Prepare the dataset for upload
Once you choose a natural language source, include all the information you’ll need in your analysis so you can get the best results from Daylight. Invest time now, since Daylight learns directly from the data you upload and data can’t be modified once it’s uploaded.
Daylight’s Create a project feature only accepts comma-separated value (CSV) format with appropriately formatted columns. At a minimum, every uploaded data file must be a CSV file and have a column titled text.
A verbatim is the conversational text component of the sample you have collected.
A document is a row of your source data, including the conversational text and any associated metadata.
Metadata is structured data that creates context for text responses. Metadata may include demographics, dates, scores, or product details.
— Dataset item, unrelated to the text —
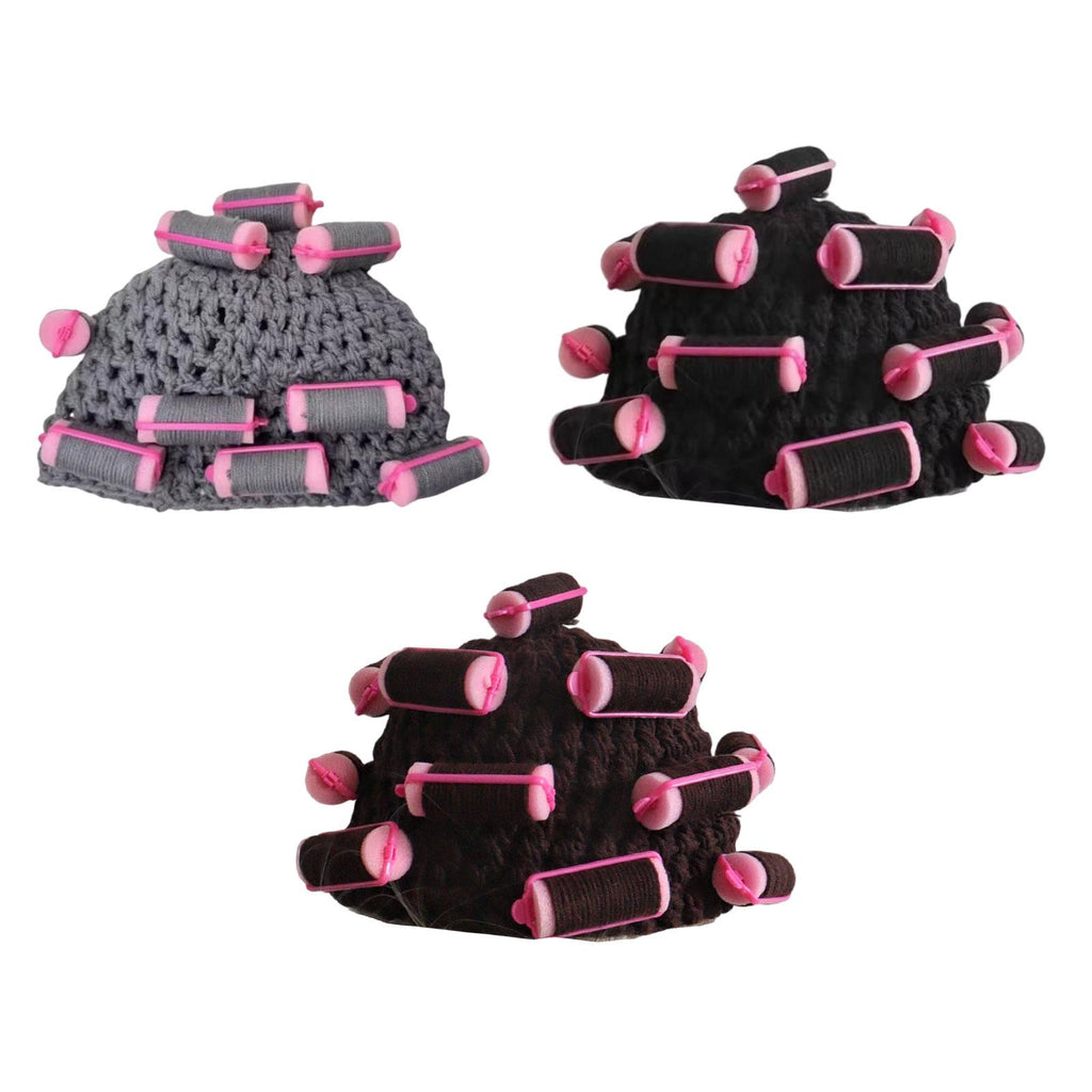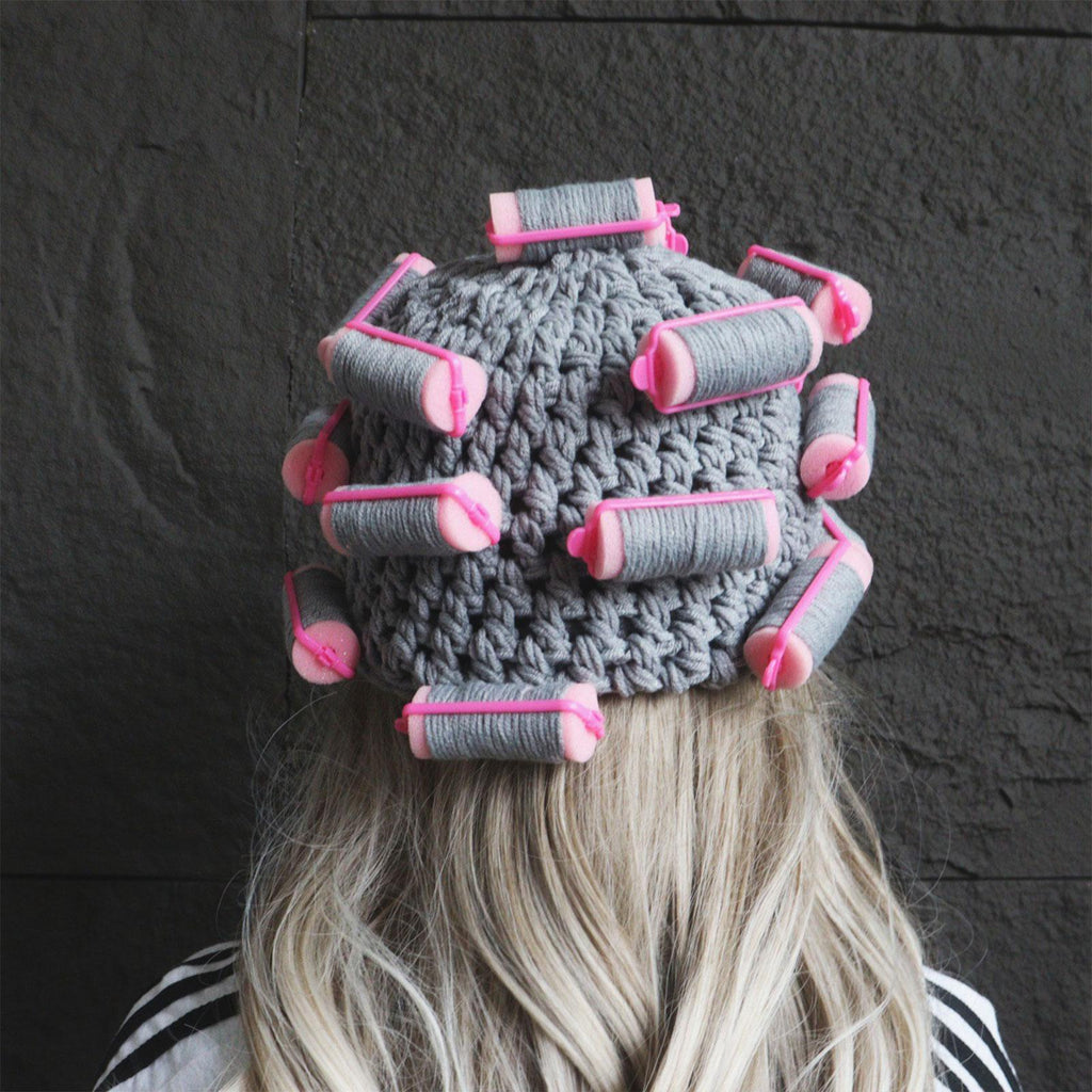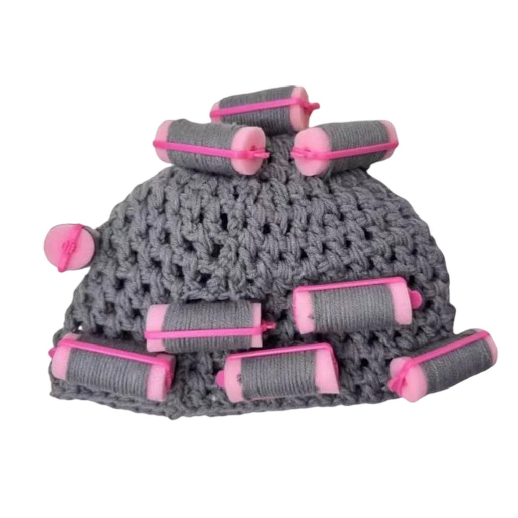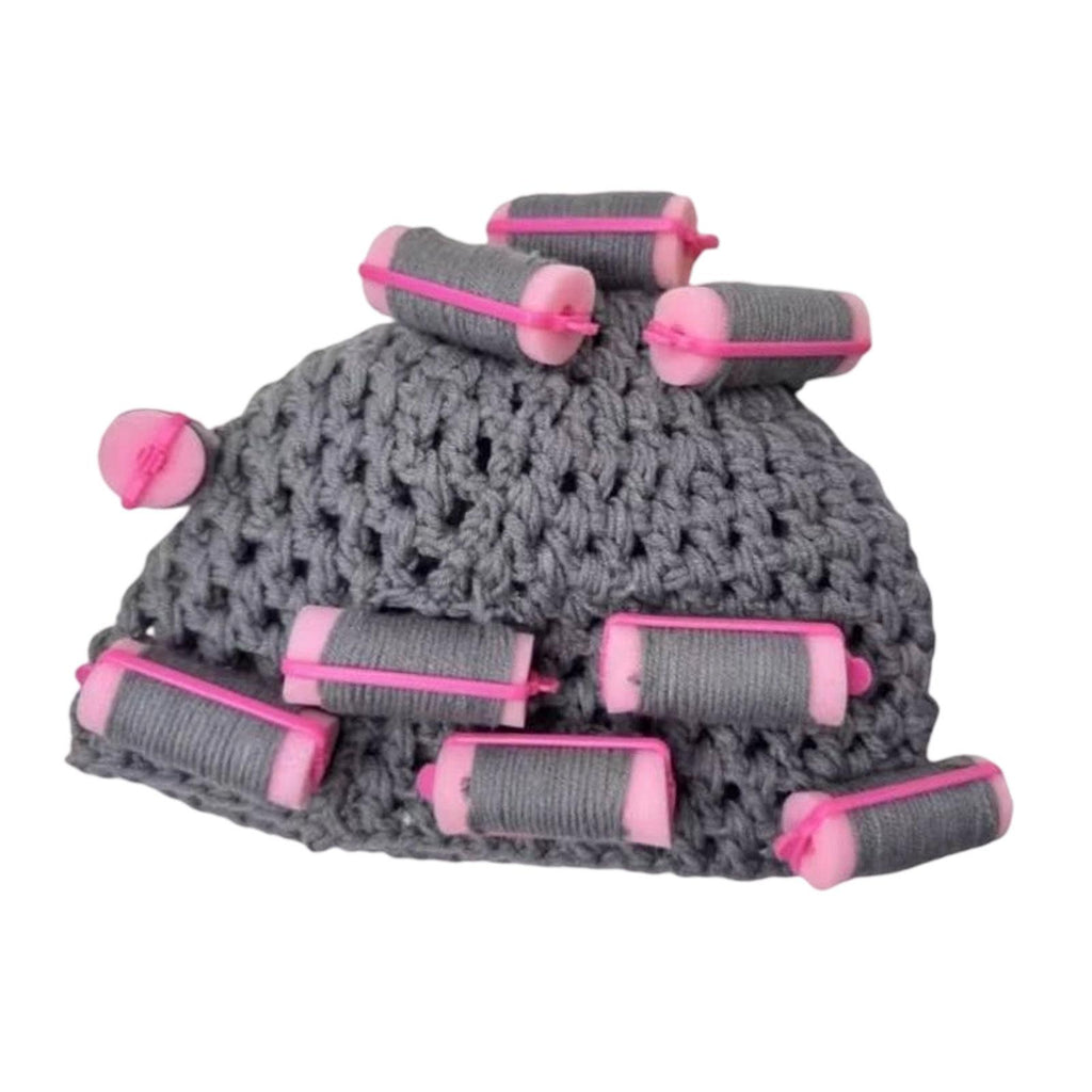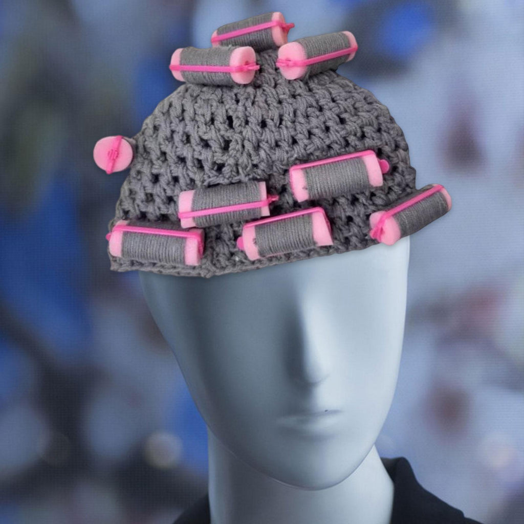 Maxbell Curler Wig Hat Funny Fashion Crochet Curler Hat for Cosplay Role Play Autumn grey

A CSV file, or comma-separated value file, is a plain-text file format that is used to organize data. CSV files exclude styling information that is included in an Excel XLS or XLSX file format. You can create a CSV file from most spreadsheet editors.
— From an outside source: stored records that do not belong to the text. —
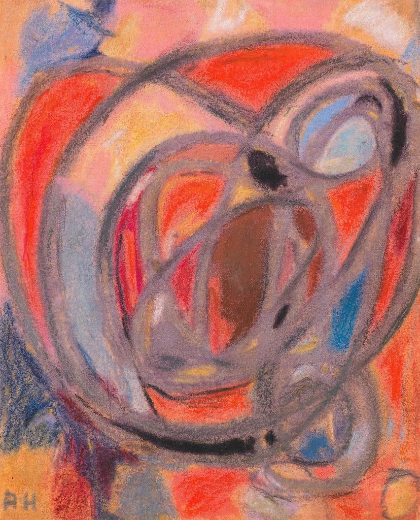 I denna komposition leker Hölzel skickligt med runda och ovala former, och skapar en dialog mellan de olika elementen som verkar sväva på duken. Färgpaletten, noggrant utvald, svänger mellan mjuka nyanser och mer livfulla toner, och ger en dynamisk energi som fångar ögat. Kontrasten mellan former och färger bjuder in betraktaren till en introspektiv eftertanke, där varje blick avslöjar nya känslor och sensationer. Lättheten i formerna och flytigheten i konturerna vittnar om en noggrann estetisk strävan, där konstnären söker att uttrycka en idé om rörelse och förvandling. "Komposition av runda och ovala former" utmärker sig genom sin förmåga att framkalla känslor av mildhet och lugn, samtidigt som den väcker reflektion kring interaktionen mellan utrymme och färg.
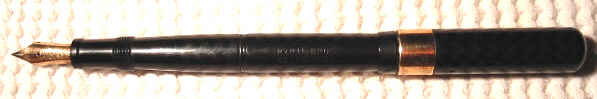Ein weiterer Füller aus einer kleinen Sammlung sehr alter Hartgummi- Früher Schlauchfüller aus schwarzem Hartgummi mit interessanter Mechanik.In wunderschöner Erhaltung. Hierbei handelt es sich um einen frühen Schlauchfüller. Zum Befüllen wird der hintere Teil des Schaftes einfach nach hinten geschoben. Darunter kommt dann eine Öffnung mit inliegendem Schlauch und einer Druckstange zum Vorschein. Durch drücken des Metalls wird die Luft aus dem Schlauch gedrückt und der Füllvorgang kann erfolgen. Dieser Füllmechanismus wird wohl auch "Sleeve-Filler" genannt. Die Kappe hat keinen Clip, wie damals üblich. Es handelt sich aber bereits um eine Schraubkappe. Darauf ein breites goldenes oder vergoldetes Kappenband mit einem kunstvoll geschwungenen F darin. Außerdem eine kleine Prüf-Feilspur vorhanden. Trotz des hohen Alters ist der Füllhalter in einem ganz hervorragenden Zustand. Hochglänzende Oberfläche, nur geringe gleichmäßige Verfärbung am Schaftoberteil und Kappe. Keine Kratzer, keine Risse. Deutliche und klare Schaft-Inschrift: RYRIE BROS. Länge geschlossen: 13,0 cm Über den Hersteller RYRIE BROS. und den Produktionszeitraum ist mir nichts weiter bekannt. Die schöne Goldfeder ist ebenfalls in sehr gutem Zustand und schreibt angenehm. |
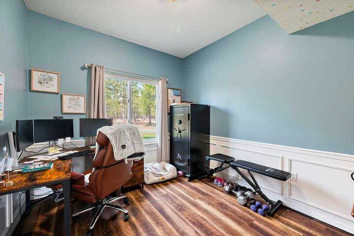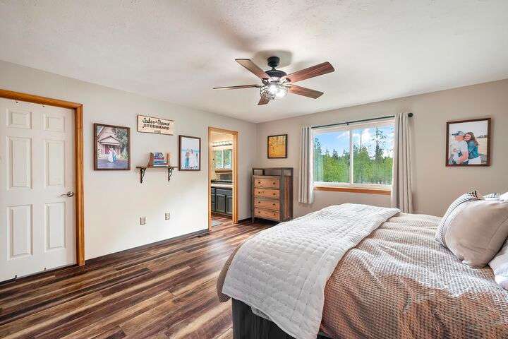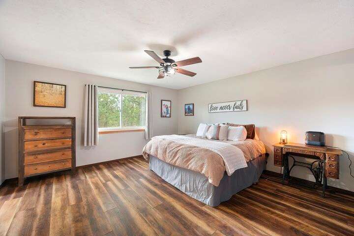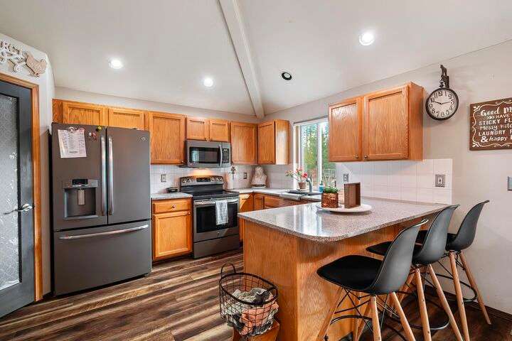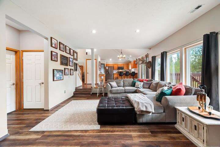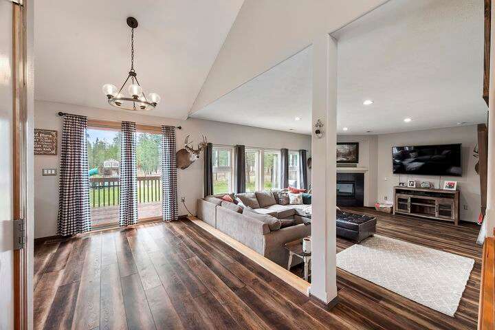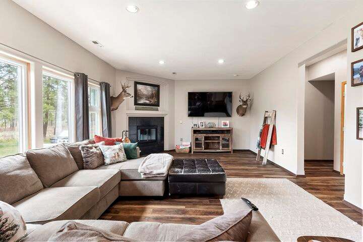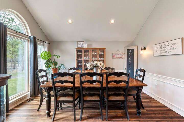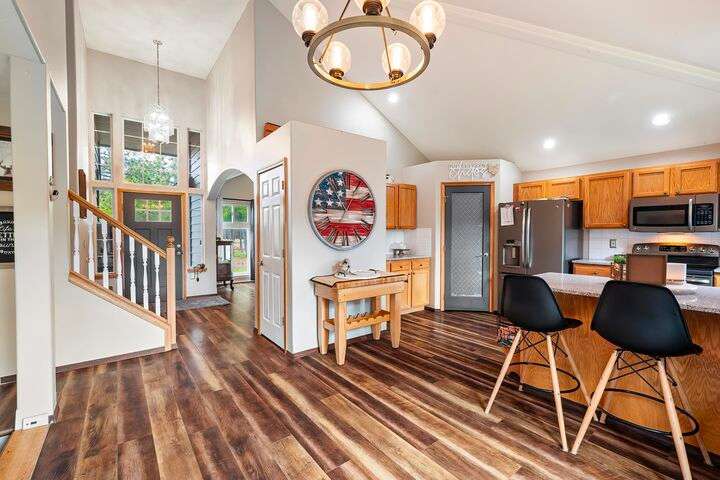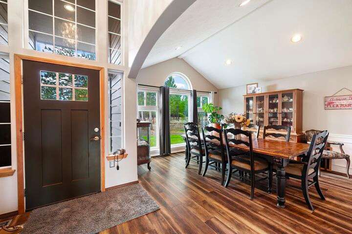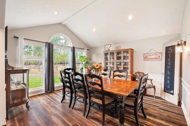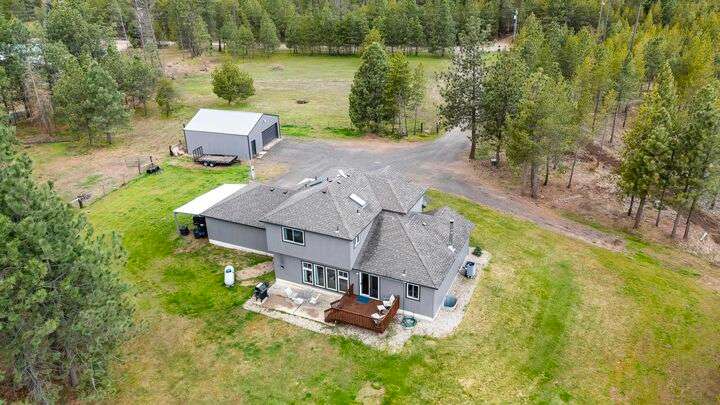 Nestled in a private, level and beautifully wooded lot, this thoroughly maintained home offers unbeatable country living. This home is full of light, spacious and designed with an open concept. Beautiful, updated flooring throughout and a kitchen that has it all. Quartz countertops, stainless steel appliances and a large walk-in pantry. Spacious formal dining area. Just off the kitchen is a cozy family room with a fireplace and large windows looking out to the grounds. Check out the efficient, main floor laundry room. Office/Den/Bedroom on the main floor. Upstairs you’ll find 3 spacious bedrooms including a large primary bedroom with en-suite. Walk-in closet with sky light. Downstairs provides another family room area and an efficient wood stove. Attractive ‘Windows by Anderson’ that open both ways horizontally. Attached 3-car garage and carport. In addition a 30x30 shop with horse stall. Backyard deck with gorgeous views. New interior and exterior paint. 10 acres of possibilities. Fenced and Cross-fenced.

Supported languages and multilingual datasets
Daylight includes 15 natural language processing pipelines that analyze unstructured text in one language at a time. For best results with a multilingual dataset, split your data into one language per CSV file. Then, select the appropriate language when uploading each file.
To add metadata, designate specific headers as you create your CSV file. These headers tell Daylight how to treat the contents of a column. Columns without a Daylight-compatible header will be ignored.